[[ RECORDS FOR THE EXERCISE open ]]

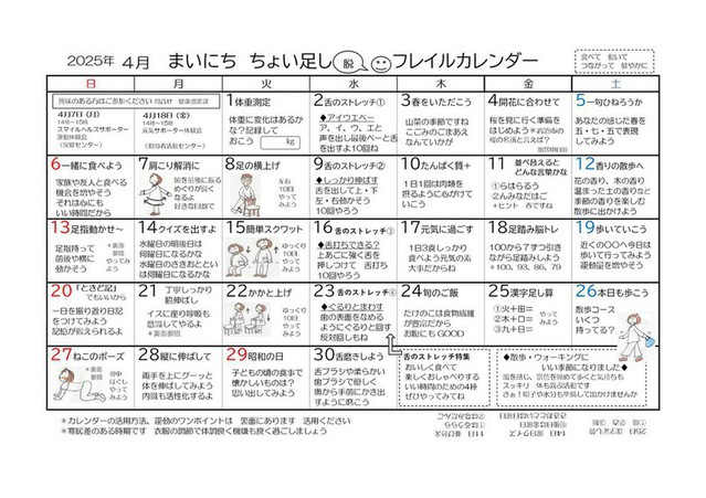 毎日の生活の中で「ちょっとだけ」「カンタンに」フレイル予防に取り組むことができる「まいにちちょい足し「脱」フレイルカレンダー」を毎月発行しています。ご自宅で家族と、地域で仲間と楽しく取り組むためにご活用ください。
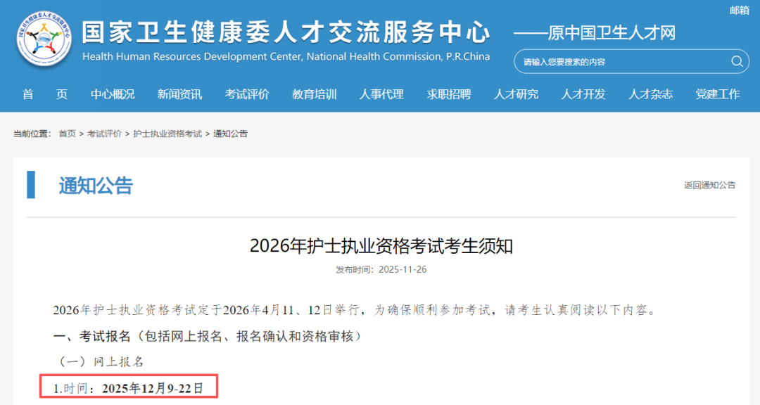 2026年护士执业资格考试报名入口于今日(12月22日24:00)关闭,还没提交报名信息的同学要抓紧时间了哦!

[[ RECORDS FOR THE EXERCISE closed ]]
[[ RECORDS FOR THE EXERCISE open ]]

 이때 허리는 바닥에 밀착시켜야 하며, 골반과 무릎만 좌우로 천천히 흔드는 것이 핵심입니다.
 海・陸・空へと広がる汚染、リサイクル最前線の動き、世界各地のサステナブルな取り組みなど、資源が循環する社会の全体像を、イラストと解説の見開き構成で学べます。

[[ RECORDS FOR THE EXERCISE closed ]]

#### [PROBLEM]
Take the line above containing "이때 허리는 바닥에 밀착시켜야", the line containing "海・陸・空へと広がる汚染、リ", and all lines in between, and copy them exactly without anything else.

#### [SOLUTION FOR THIS EXERCISE]
 이때 허리는 바닥에 밀착시켜야 하며, 골반과 무릎만 좌우로 천천히 흔드는 것이 핵심입니다.
 海・陸・空へと広がる汚染、リサイクル最前線の動き、世界各地のサステナブルな取り組みなど、資源が循環する社会の全体像を、イラストと解説の見開き構成で学べます。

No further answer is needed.